◆ **Problem to work on**
The listing below is to be given again in full and word for word, without its images.

◆ **Source data**
--- START ---

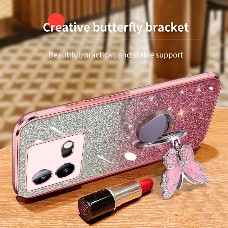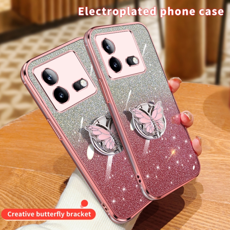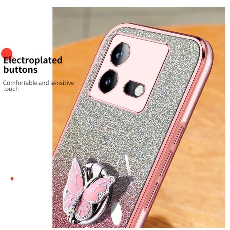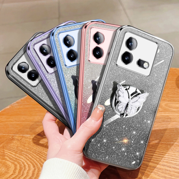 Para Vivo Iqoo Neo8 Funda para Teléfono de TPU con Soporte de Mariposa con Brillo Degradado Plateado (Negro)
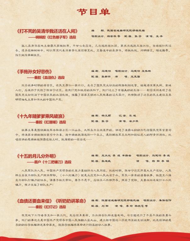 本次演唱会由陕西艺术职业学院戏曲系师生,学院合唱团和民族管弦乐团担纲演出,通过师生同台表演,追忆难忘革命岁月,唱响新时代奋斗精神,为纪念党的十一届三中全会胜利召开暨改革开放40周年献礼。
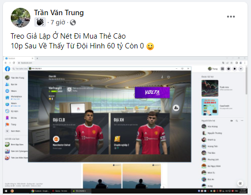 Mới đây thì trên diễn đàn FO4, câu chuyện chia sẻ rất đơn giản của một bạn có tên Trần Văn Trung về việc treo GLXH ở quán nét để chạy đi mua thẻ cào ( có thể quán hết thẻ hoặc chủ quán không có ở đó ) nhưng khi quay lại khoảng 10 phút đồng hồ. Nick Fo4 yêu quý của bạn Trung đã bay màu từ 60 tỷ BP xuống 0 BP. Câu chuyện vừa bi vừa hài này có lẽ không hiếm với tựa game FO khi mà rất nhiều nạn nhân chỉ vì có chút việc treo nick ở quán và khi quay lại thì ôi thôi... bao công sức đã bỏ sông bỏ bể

--- END ---

◆ **Output below**
 Para Vivo Iqoo Neo8 Funda para Teléfono de TPU con Soporte de Mariposa con Brillo Degradado Plateado (Negro)
 本次演唱会由陕西艺术职业学院戏曲系师生,学院合唱团和民族管弦乐团担纲演出,通过师生同台表演,追忆难忘革命岁月,唱响新时代奋斗精神,为纪念党的十一届三中全会胜利召开暨改革开放40周年献礼。
 Mới đây thì trên diễn đàn FO4, câu chuyện chia sẻ rất đơn giản của một bạn có tên Trần Văn Trung về việc treo GLXH ở quán nét để chạy đi mua thẻ cào ( có thể quán hết thẻ hoặc chủ quán không có ở đó ) nhưng khi quay lại khoảng 10 phút đồng hồ. Nick Fo4 yêu quý của bạn Trung đã bay màu từ 60 tỷ BP xuống 0 BP. Câu chuyện vừa bi vừa hài này có lẽ không hiếm với tựa game FO khi mà rất nhiều nạn nhân chỉ vì có chút việc treo nick ở quán và khi quay lại thì ôi thôi... bao công sức đã bỏ sông bỏ bể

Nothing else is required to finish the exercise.